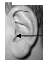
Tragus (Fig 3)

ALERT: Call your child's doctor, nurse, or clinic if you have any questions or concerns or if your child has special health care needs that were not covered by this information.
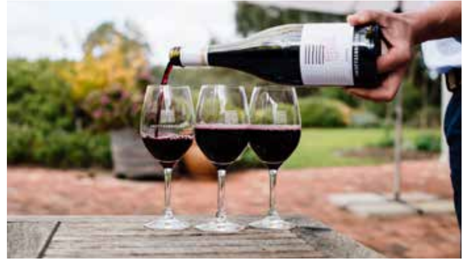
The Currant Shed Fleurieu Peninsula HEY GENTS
--
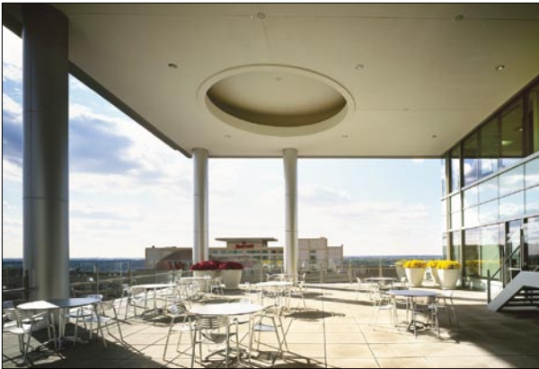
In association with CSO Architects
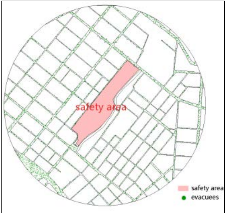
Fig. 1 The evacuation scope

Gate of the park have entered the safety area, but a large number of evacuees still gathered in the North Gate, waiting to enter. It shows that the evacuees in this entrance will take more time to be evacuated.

- _The problem_: Would you print, exactly as written, every line above from the one holding "Fig. 1 The evacuation scope" through the one holding "Gate of the", with both included and no other lines?

- _Answer below_:
Fig. 1 The evacuation scope

Gate of the park have entered the safety area, but a large number of evacuees still gathered in the North Gate, waiting to enter. It shows that the evacuees in this entrance will take more time to be evacuated.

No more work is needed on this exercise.